BEGIN Given records
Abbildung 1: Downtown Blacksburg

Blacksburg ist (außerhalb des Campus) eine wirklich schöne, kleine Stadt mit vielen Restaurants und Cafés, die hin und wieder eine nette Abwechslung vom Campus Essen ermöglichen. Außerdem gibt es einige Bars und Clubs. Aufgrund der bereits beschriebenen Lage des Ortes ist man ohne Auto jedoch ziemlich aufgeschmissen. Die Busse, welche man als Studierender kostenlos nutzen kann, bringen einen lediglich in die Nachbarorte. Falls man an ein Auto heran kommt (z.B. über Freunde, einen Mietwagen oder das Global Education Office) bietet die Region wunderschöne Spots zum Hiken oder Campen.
END Given records
BEGIN Given records
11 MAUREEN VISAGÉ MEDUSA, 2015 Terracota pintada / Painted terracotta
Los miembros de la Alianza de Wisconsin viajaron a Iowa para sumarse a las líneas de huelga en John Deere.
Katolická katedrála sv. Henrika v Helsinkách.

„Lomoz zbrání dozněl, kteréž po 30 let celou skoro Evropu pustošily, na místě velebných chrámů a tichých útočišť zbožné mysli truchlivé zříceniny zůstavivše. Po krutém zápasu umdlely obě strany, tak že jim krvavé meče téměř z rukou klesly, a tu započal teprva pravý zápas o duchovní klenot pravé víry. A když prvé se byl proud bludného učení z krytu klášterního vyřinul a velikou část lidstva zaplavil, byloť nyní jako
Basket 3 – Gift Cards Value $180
END Given records
BEGIN Given records
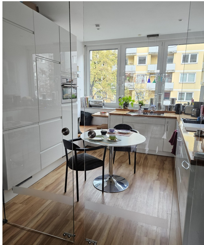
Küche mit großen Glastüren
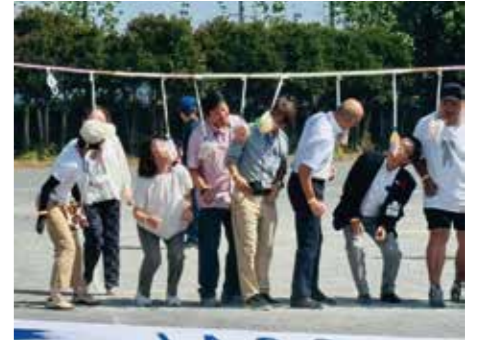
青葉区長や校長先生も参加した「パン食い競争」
END Given records
Aim of the task
Return each line in the records that holds the string "Blacksburg".

Answer box
Abbildung 1: Downtown Blacksburg
Blacksburg ist (außerhalb des Campus) eine wirklich schöne, kleine Stadt mit vielen Restaurants und Cafés, die hin und wieder eine nette Abwechslung vom Campus Essen ermöglichen. Außerdem gibt es einige Bars und Clubs. Aufgrund der bereits beschriebenen Lage des Ortes ist man ohne Auto jedoch ziemlich aufgeschmissen. Die Busse, welche man als Studierender kostenlos nutzen kann, bringen einen lediglich in die Nachbarorte. Falls man an ein Auto heran kommt (z.B. über Freunde, einen Mietwagen oder das Global Education Office) bietet die Region wunderschöne Spots zum Hiken oder Campen.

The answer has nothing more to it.